# CoD2 on Windows 7?



## Rampage1990 (Dec 27, 2008)

Hey guys. I am trying to get Call of Duty 2 to install in Windows 7. It tells me "Class not registered" when I try to install. I tried to go into the file and switch the compatibility mode to run as XP (sp2) but its still telling me that error. Does anyone have any ideas on how to run it? Thanks.


----------



## Zealex (Nov 30, 2008)

ise 7 still in beta? if so someone may not have an answer since its a beta. um try as adminstartor, if 7 has that? i know vista does so yeah xD, try doing a google search about what class not registered means. maybe its not compatible.


----------



## Rampage1990 (Dec 27, 2008)

I checked on google, and I also have it as start as admin... :4-dontkno I wish I had made a duel partition for XP :sigh:


----------



## Rampage1990 (Dec 27, 2008)

anyone have any suggestions?


----------



## McNinja (Jun 22, 2008)

not until Windows 7 is out of beta will this game probably work and since its in beta there's no point trying for hours and hours to get the game working.

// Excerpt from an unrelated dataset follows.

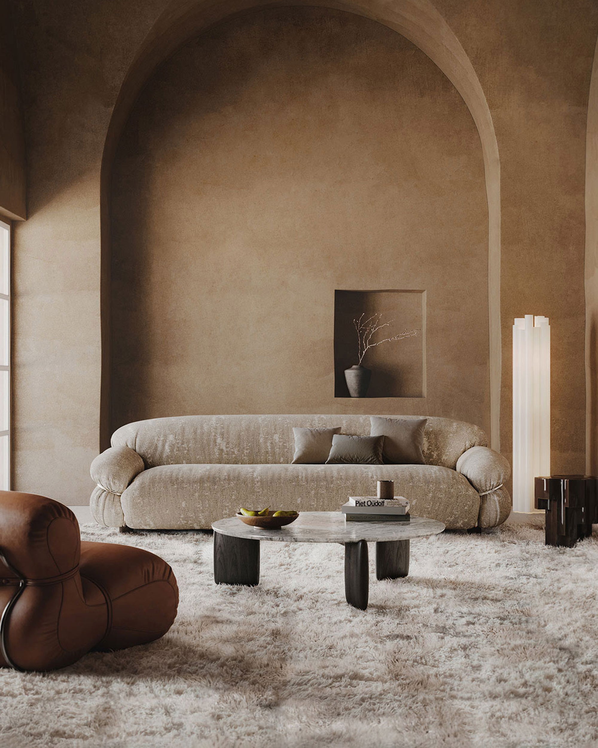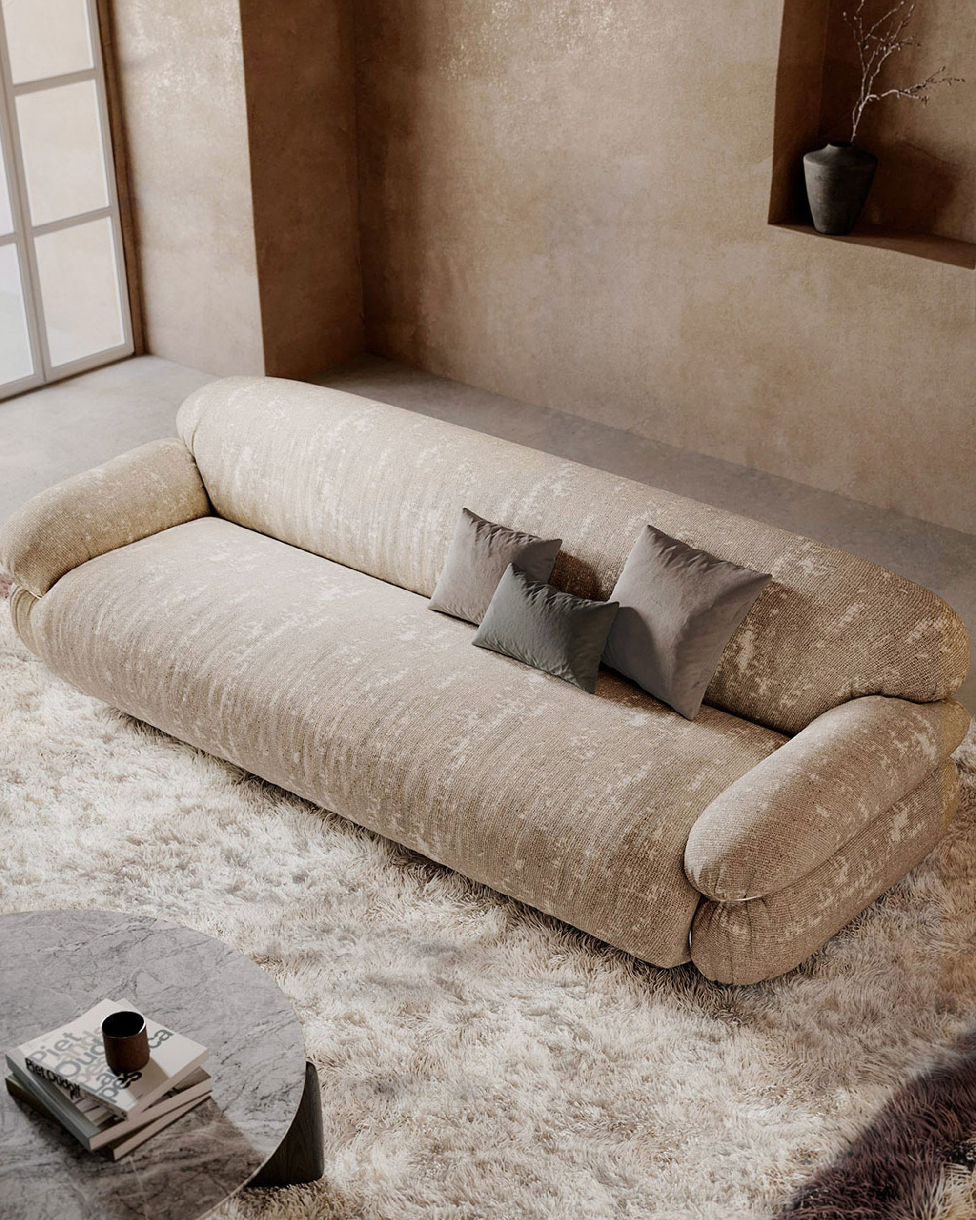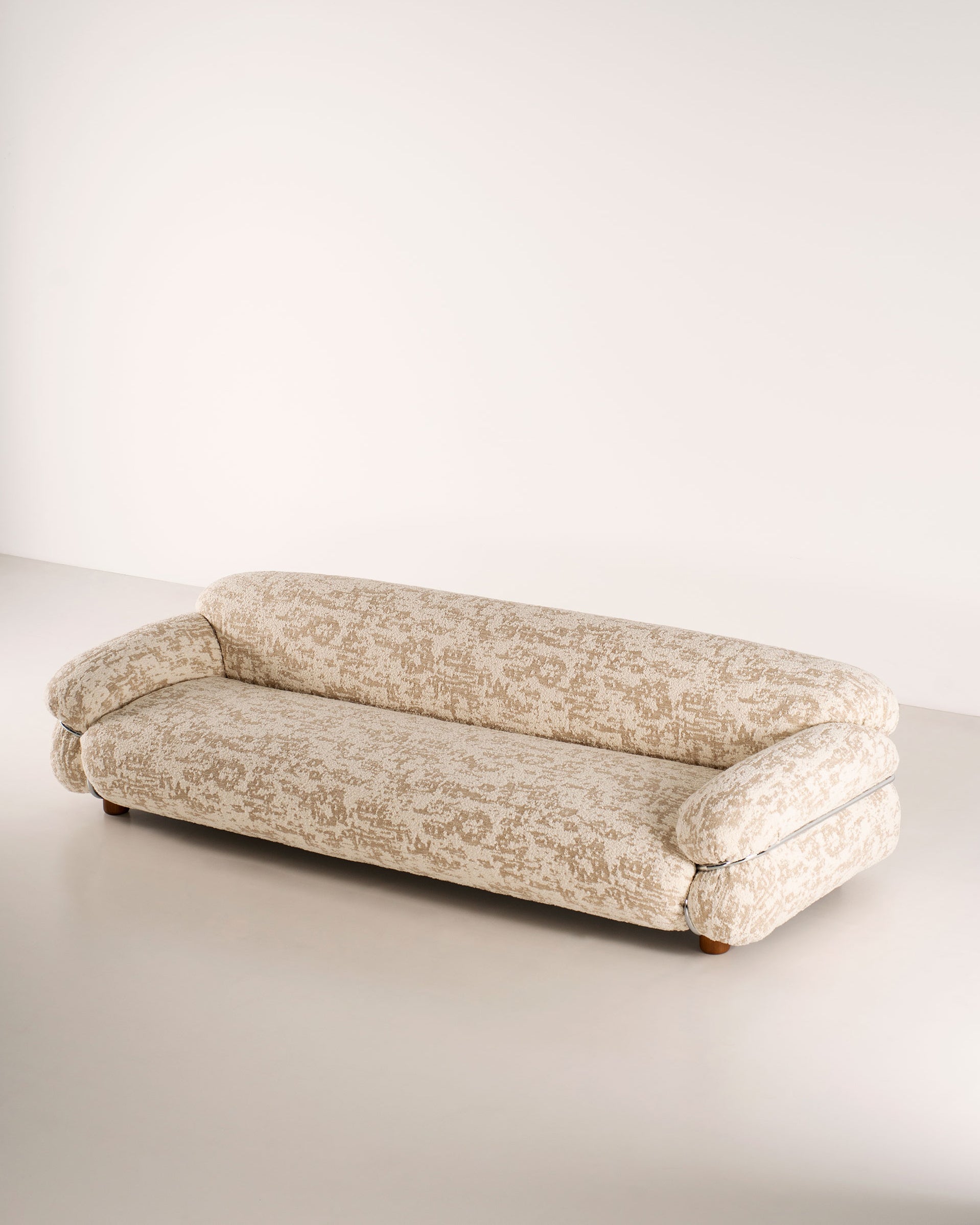 Sesann-sofaen fra Tacchini gjenoppstår i nye dimensjoner for å tilby større komfort og sensualitet med et dypt og innbydende sete som ytterligere fremhever de viktige volumene til denne historiske sofaen. Sofaen har myke, koselige former som vekker følelser av varme og sensualitet. Formen fremheves av den rørformede metallrammen, som fungerer som en arkitektonisk struktur som omslutter, holder på og fremhever polstringen. Sesann dominerer rommet med sine dristige volum og elegante, sofistikerte design.

do you have Vista or XP installed? use one of those OS's


----------



## -WOLF- (Jan 17, 2009)

Yeah until W7 is complete, there won't be official support for anything, especially old games.


----------



## SALALA (Apr 25, 2010)

Look.go to my computer, right click cod2 icon, open, search for SETUP and then click it
YOURE READY!xDray:


----------